The Sims 3
You know, I had these grand plans of actually posting and updating this on a regular basis throughout the month of June; I even typed out a few post drafts. But then The Sims 3 came out (as well as several other things) and I started semi-obsessively playing it. As such, I feel obligated to post about it.
The Sims 3 in a way feels fundamentally different than The Sims 2, though at heart, the same. For one, sims aren’t trapped on their lots anymore. The entire neighborhood is one seamless area, allowing sims to visit neighbors and go into town without having to load areas. Time also progresses universally throughout the neighborhood, so no more going out for a full day, only to return to a lot that hasn’t changed since you left.
You now live in a persistent world. It’s fluid and growing; the new Story Progression feature keeps it as such. Sims outside of your active household will also grow up, fall in love, have children, live their lives and die. Gone is the need to micromanage every single household in order to avoid the awkwardness of being the same age as your great great great uncle (accidental incest is bad).
Story progression though does have strange moments: Computer spawned babies apparently need only one parent. For example, I created a small family consisting of a father and son, moved them into their own house and then left them to their own NPC devices (I wanted interesting neighbors). Several days later, a baby popped out of nowhere. I guess this is the way that the game balances itself, which is alright though someone artificial feeling.
The game feels geared towards a single family play. You can swap households, but doing so feels a bit cumbersome in that it requires quite a few mouse clicks (go to the edit neighborhood screen, click change active household, choose the household, etc). When you swap households, short term wishes are reset and you run the risk of story progression doing something negative to that family unless you toggle it off. If you were one of those Sims 2 players who insisted on having absolute control over every household, this change mightfrustrate you somewhat.
Daily life feels like much less of a grind, much of the sim needs and daily micromanagement has either been streamlined or reduced, leaving more time for storytelling and antics. Yours sims don’t need to pee or shower as often and you are able to throw out trash and put items away yourself, rather than having to wait for your sim to do it.
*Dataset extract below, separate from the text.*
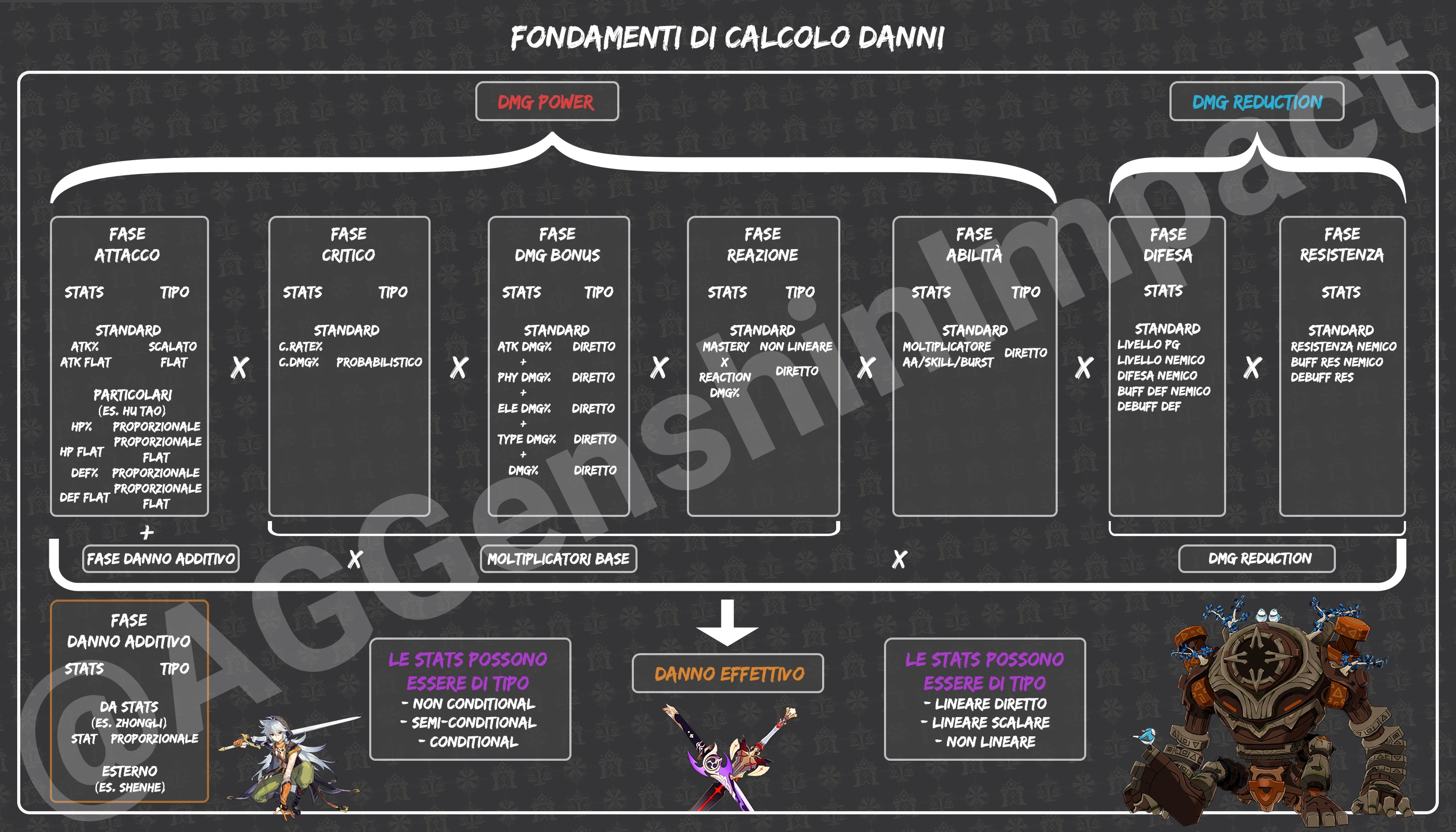 Per approfondire l'interazione tra le varie statistiche, e quindi valutarne la diminuzione di rendimento e l'inversione della stat, bisogna ripartire dal tipo di interazione che hanno le varie fasi del danno e dal tipo di statistiche in gioco.
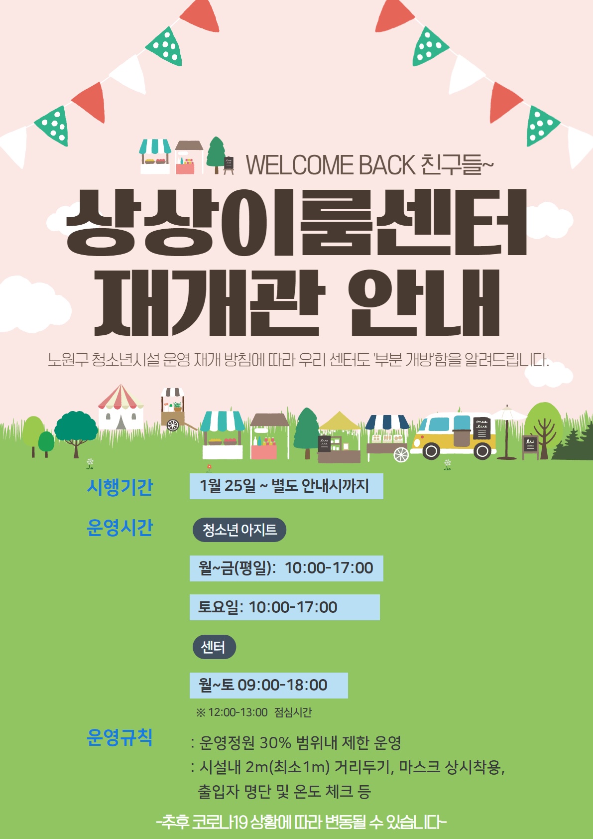 | 상상이룸센터 시설 재개관 일정 연기 안내 (0) | 2021.01.25 |

Your Sim’s current ‘state’ is based off of a new moodlets system. Certain activities and conditions will give a buff or debuff to your mood. Each moodlet lasts for a certain duration; Being in a good mood positively influences work performance and social interactions.
You can also change the color and texture of virtually every surface and clothing item in the game. Even so, there is a distinct feeling that EA is holding back on items for the sake of eitherre-releasing them in an expansion pack or on their online store. Where’s the piano and hot tub?
The Sims 3 also runs notably smoother than The Sims 2, even on very large lots with a surplus of items. Keep in mind though, that this is the base game, minus any expansion packs. We will see if this performance improvement holds up in a year or two…
Anyway, there are dozens of fun changes and game mechanics that I skipped over (the traits system, collectibles, body shapes, etc). In short, it’s fun. So fun that it has ate up my urge to do much of anything else during the period of free time that I set aside for gaming and stuff like that. If you enjoyed the other Sims games, you will most definitely enjoy The Sims 3.